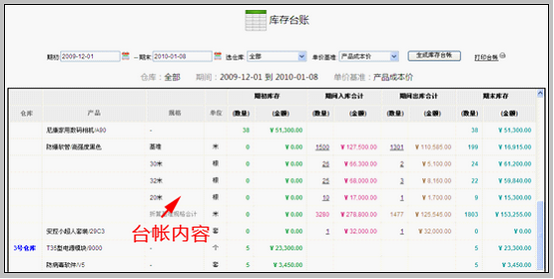 确认好参数后,点击生成库存台帐。即可看到相应表格内容。如下图所示:
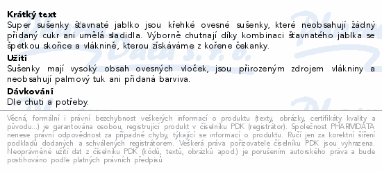 Super sušenky šťavnaté jablko jsou křehké ovesné sušenky, které neobsahují žádný přidaný cukr ani umělá sladidla. Výborně chutnají díky kombinaci šťavnatého jablka se špetkou skořice a vláknině, kterou získáváme z kořene čekanky.
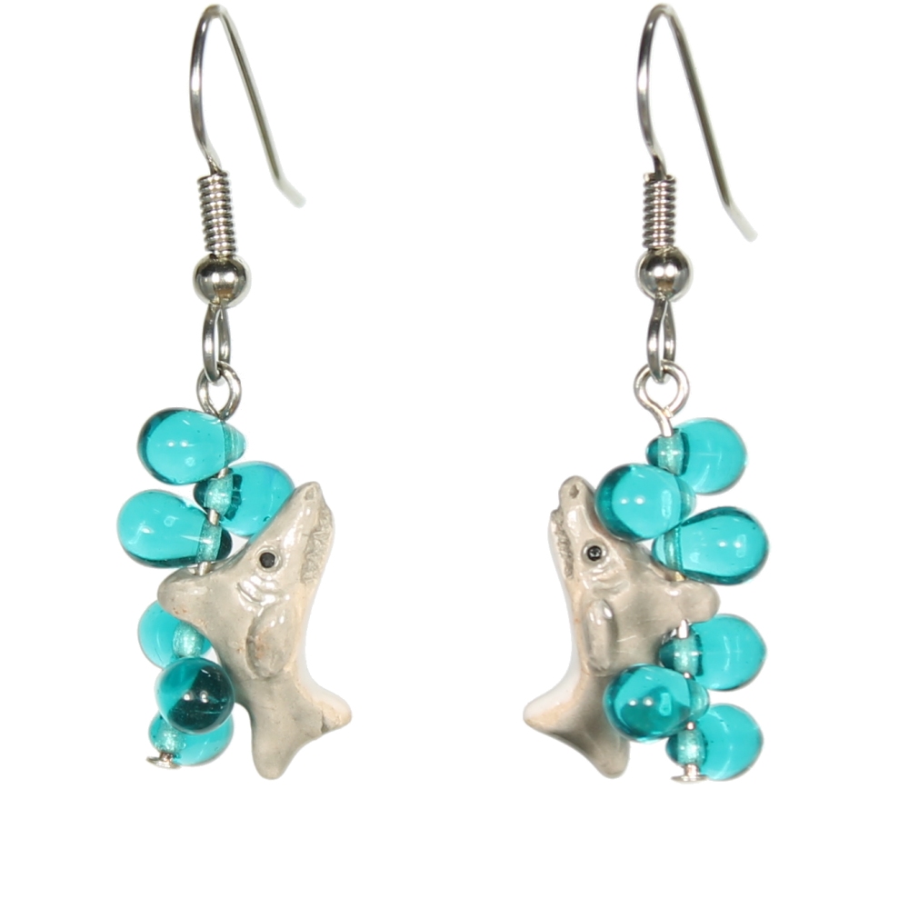 Teeny tiny Peruvian ceramic shark beads dangle between coordinating teardrop Czech glass beads. Great for a trip to the aquarium! Earrings measure approximately 2″ long, including stainless steel ear wires.
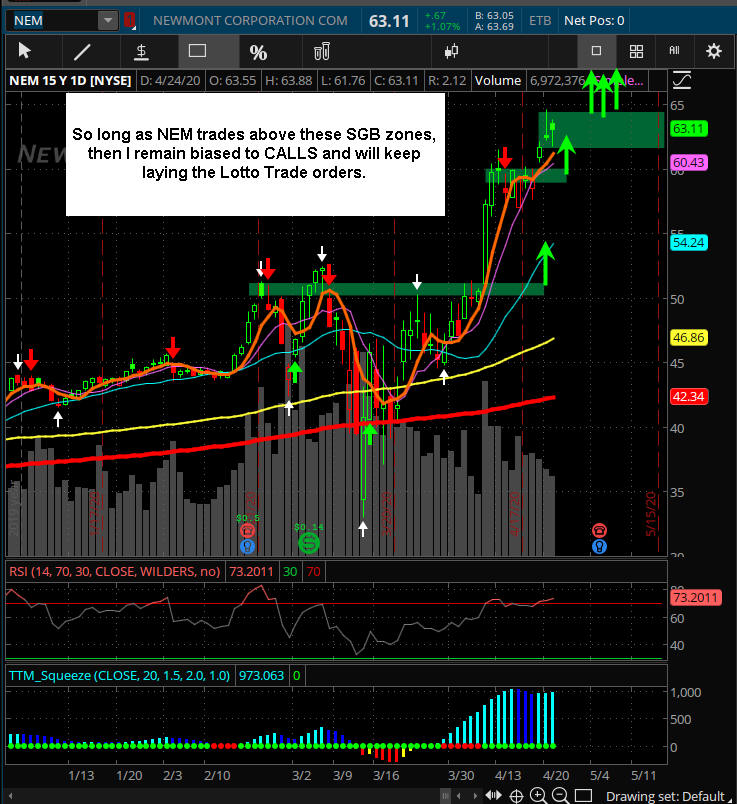 NEM actually went parabolic on Friday; and so long as this stock holds above the SGB zone at $51.00; I will be on the hunt for Lotto Trades to the CALL side.
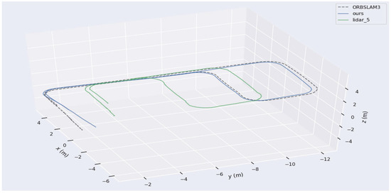 In Experiment Two, as shown in Table 4, the root mean square error in translation estimation was 0.160804 m, while the root mean square error in rotation estimation was 0.101190 rad. In horizontal comparisons, the proposed algorithm outperformed the other two algorithms, demonstrating its ability to integrate two relatively imprecise sensor data streams to achieve more accurate pose estimation and validate the effectiveness of the algorithm.
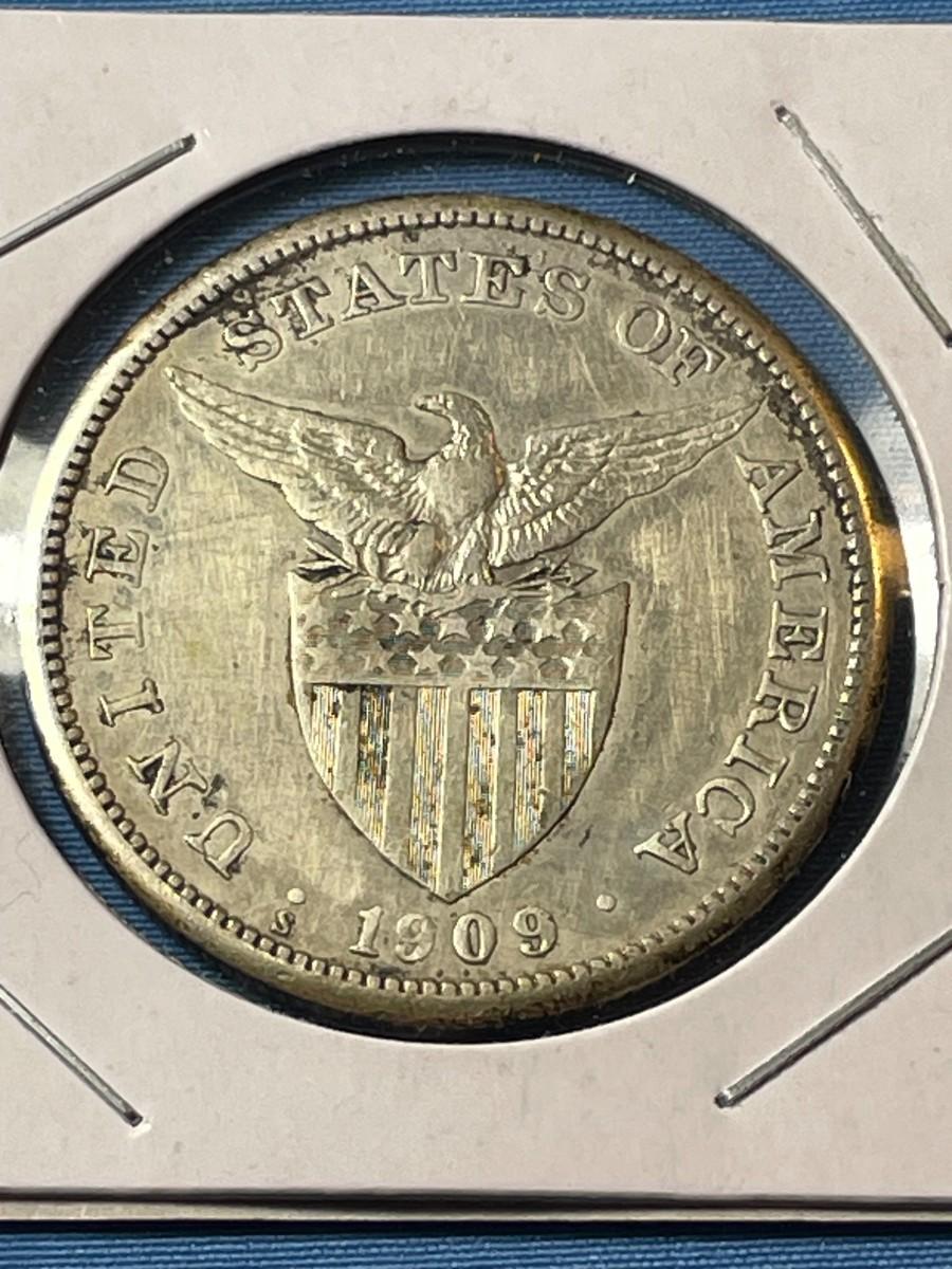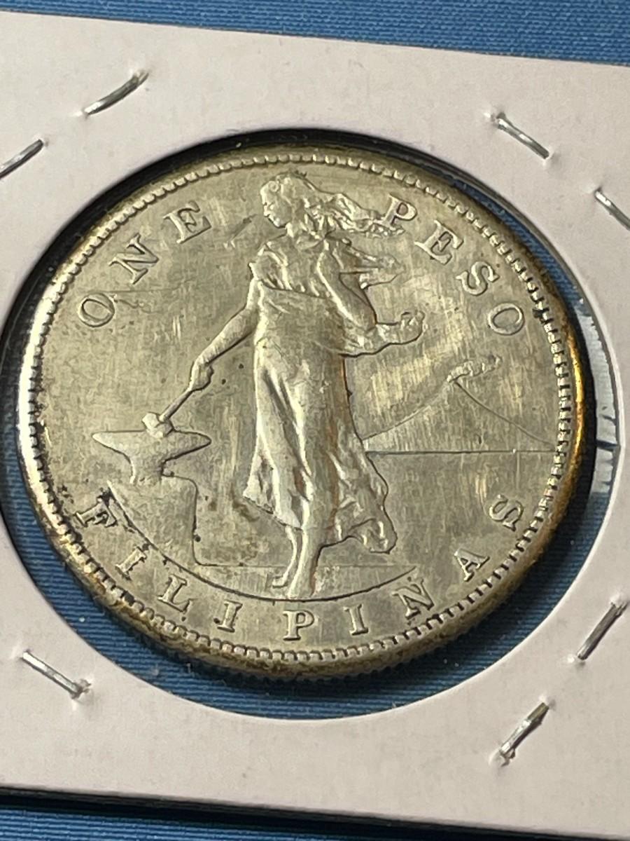 PHILIPPINES 1909-S VERY FINE CONDITION HEAVILY CLEANED PESO SILVER COIN AS PICTURED. $5 DOMESTIC SHIPPING.
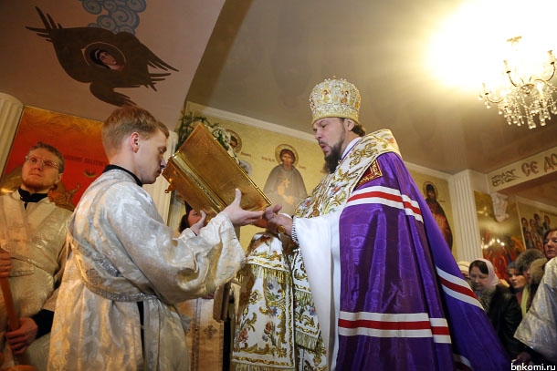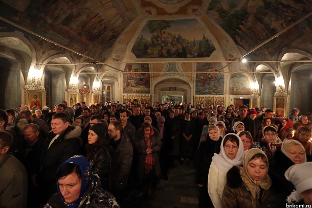 Как показалось корреспонденту БНК, в это Рождество в Свято-Стефановский кафедральный собор пришло меньше народу, чем год назад. Новогодняя атрибутика была и на территории храма, и внутри него. В соборе стояла красивая новогодняя елка, сама служба проходила в нижнем приделе собора. Вел богослужение епископ Сыктывкарский и Воркутинский Питирим.
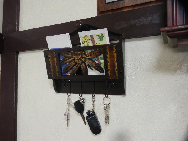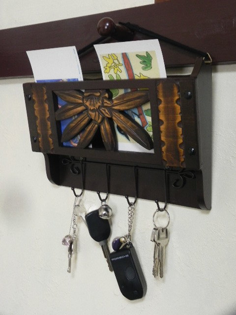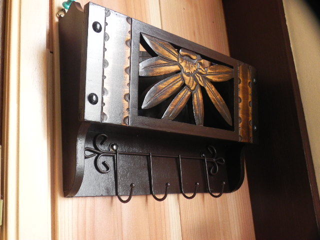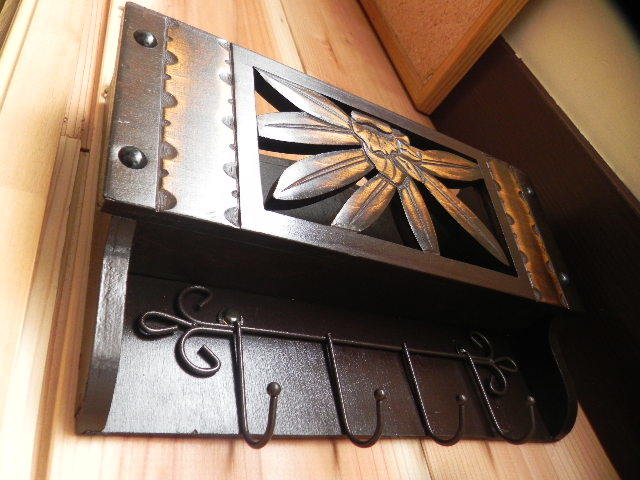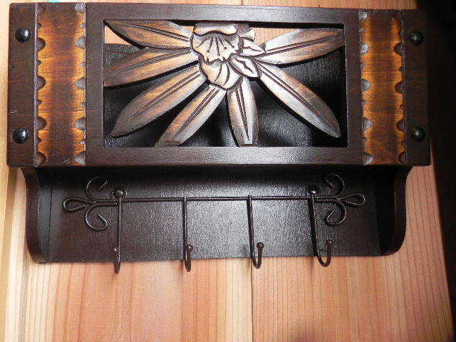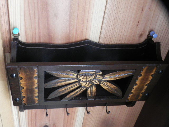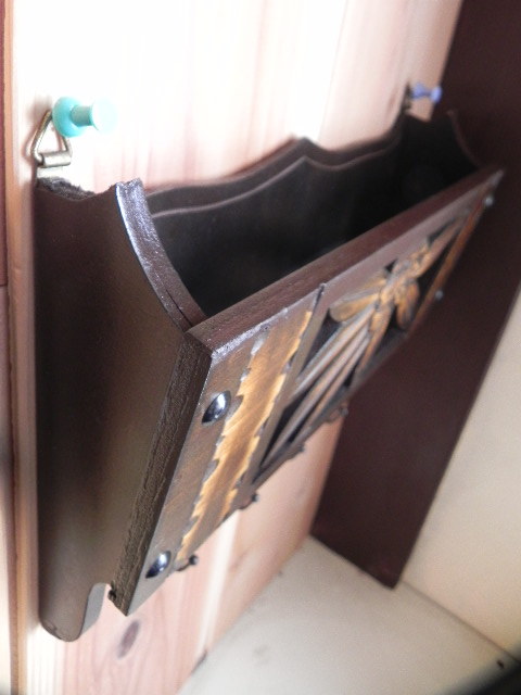 昭和レトロ 状差し 花柄はがき入れ アイアンフック付き
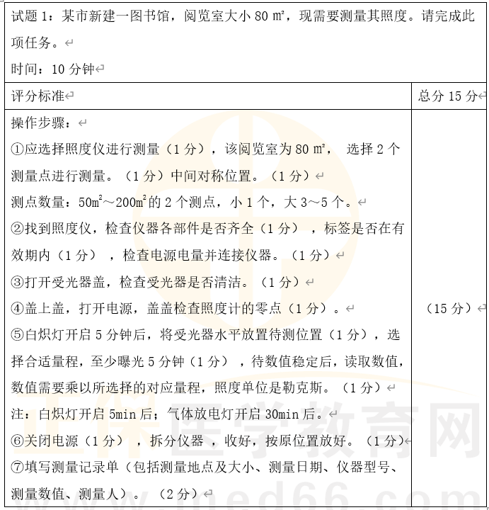 2022年公衛(wèi)醫(yī)師實踐技能「現(xiàn)場檢測/樣品采集」考前模擬卷1(含評分標準)如下,2022年公衛(wèi)執(zhí)業(yè)醫(yī)師實踐技能考試在即,醫(yī)學(xué)教育網(wǎng)整理了實踐技能考前指導(dǎo)手冊(查看活動詳情>>),包含技能各站精選模擬試題,購買2022年公衛(wèi)執(zhí)業(yè)醫(yī)師無憂實驗班,贈送價值480元的技能特色班,技能沖刺必備>>
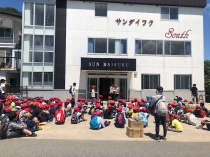 開舎式です。司会の子どもが代表であいさつをした後に、全員でしっかりと3日間お世話になるサンダイフクの方にあいさつをしました。
──────────────────────────────
PROBLEM DETAILS:
Nothing but the lines from the start of the records through the line holding "Teeny tiny Peruvian" should be printed, exactly as written and with the pictures left out.

TASK ANSWER:
 确认好参数后,点击生成库存台帐。即可看到相应表格内容。如下图所示:
 Super sušenky šťavnaté jablko jsou křehké ovesné sušenky, které neobsahují žádný přidaný cukr ani umělá sladidla. Výborně chutnají díky kombinaci šťavnatého jablka se špetkou skořice a vláknině, kterou získáváme z kořene čekanky.
 Teeny tiny Peruvian ceramic shark beads dangle between coordinating teardrop Czech glass beads. Great for a trip to the aquarium! Earrings measure approximately 2″ long, including stainless steel ear wires.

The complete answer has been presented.